Many are quick to warn you that you’ll miss spending every day with your mates, but nobody prepares you for the part-time role for which you’ve never applied: that of the friend scheduler.
Tee - ASOS
Skirt - H&M
Shoes - Chloé
Bag - Topshop (borrowed from Jess!)
The friend schedule is a balancing act, around which orbits a tipping scale for each of your mates. Neglect them for too long, and *pop*, they’ll drop, requiring more than a Nando’s wrap and a shared bottle of lunchtime rosé to remedy the breakup. Don’t take your eye off the ball for too long, however, because for every time you do see them, another goes unseen. And so, like a conductor, you orchestrate as perfect a harmony as you can, filling sporadic coffee-date windows and planning as many one-size-fits-all open house BBQs as possible.

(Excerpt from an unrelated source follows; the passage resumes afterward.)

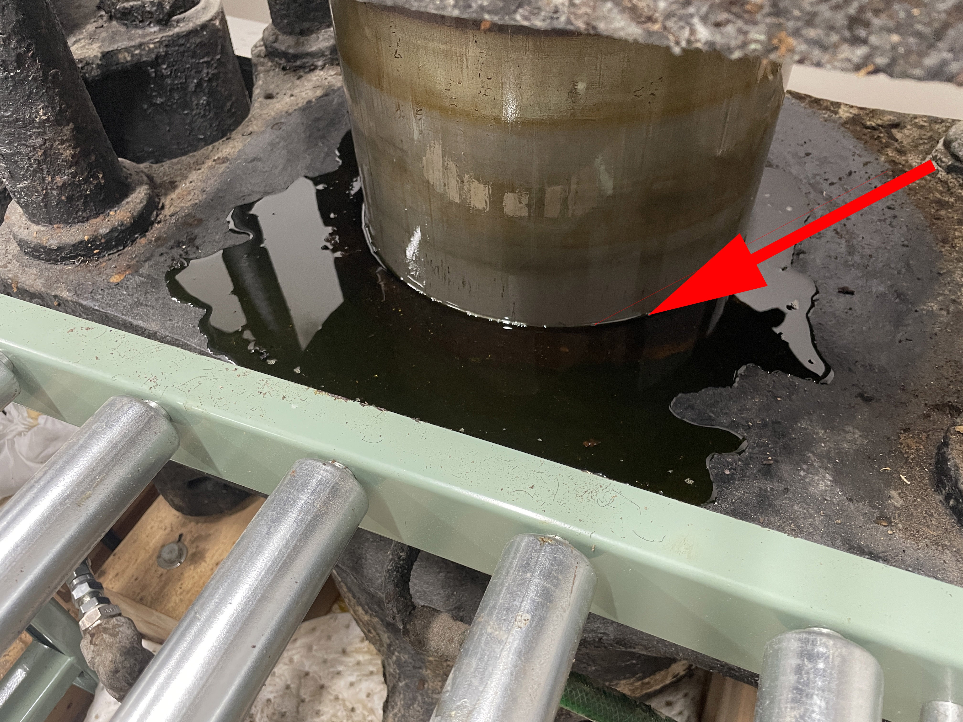 3基めの玉締め機は、パッキンが弱っているようで、シリンダの隙間から油漏れ。パッキンの交換が必要。玉川エンジニアリングさんに、1基めのパッキンを交換してもらってうまくいったので、これも大丈夫です。手間と力のいる大変な作業ですが、玉川エンジニアリングさん、よろしくお願いします。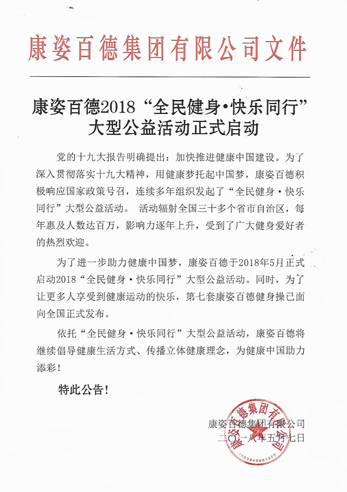 康姿百德2018“全民健身?快樂同行”大型公益活動(dòng)正式啟動(dòng),公告全文如下:

A “friend schedule” makes everything sound so cold and uncaring, as if you’re delicately maouvering through a multiple choice quiz with each selection needing to work towards the greatest possible result. Of course, this isn’t the case. We would all love to have enough time for every person in our lives - including ourselves - but what with the small matters of, oh, you know, working, sleeping, eating and breathing, our additional time is limited at best. In fact, a friend schedule is almost impossible to opt out of; if you care even an iota about your relationships with the people around you, then you are almost definitely partaking in one.
That’s not to say we all work to the same calendar, however. Even within our own judgement of how long between brunch dates is too long, some friends work to different meta-timelines than others. I tend to see my primary school best friend about once every two or three years, when we sit down for a meaty beefer of a catch up and end up howling over the ridiculously melodramatic diary entries we wrote as kids. On the other hand, it would be weird to not see my blogging gals at least once a week, even if we aren’t working. Each friendship is different; some are best stored in the fridge to be consumed within 5 days, and others you can tuck away in a cool dry place for a later date. They’re all worthy friendships, nonetheless.
THE OUTFIT
And whilst we all recognise that missed lunch opportunities and unfulfilled boozy promises are rarely the result of legitimate friend neglect (feel free to call my hotline if your mate has cancelled for the third time in a row), we can’t deny that some friendships have an expiry date. Without the proper TLC, they’ll perish, and then you’re left with the prospect of awkwardly bumping into them in Tescos with neither of you really knowing which level of small talk is now appropriate.
Who wants that? Not us, and so we continue to balance the scales of our friend schedule, planning forward but always looking back to ensure no man has been left behind. It’s like a weird, sexy, adult dance that we do, trying to maintain loving connections with the people we value whilst simultaneously being tired and a bit overwhelmed. Nobody prepares us for this never-ending juggling act, but we slip into it anyway, quietly wondering at the back of our minds how anybody with a child ever manages to stay upright (actual human adults are difficult enough, but trying to work, socialise, exist, and raise a miniature version of yourself? HOW?).
Though it can be stressful and though it is often an organisational nightmare, the friend schedule, at the heart of it, is a well-meaning beast. Any time I’m rewinding my month and wondering who I’ve seen the least, it’s not to cover my own back - it’s because I don’t want my pals to think I’m not thinking of them. We can’t realistically make every mate a priority, but as we all circulate through our own lives, every now and then overlapping into each other’s, it’s easy to overlook how much that bottle of overpriced corner shop wine could mean.
So that juggling? I guess it’s kinda nice and important.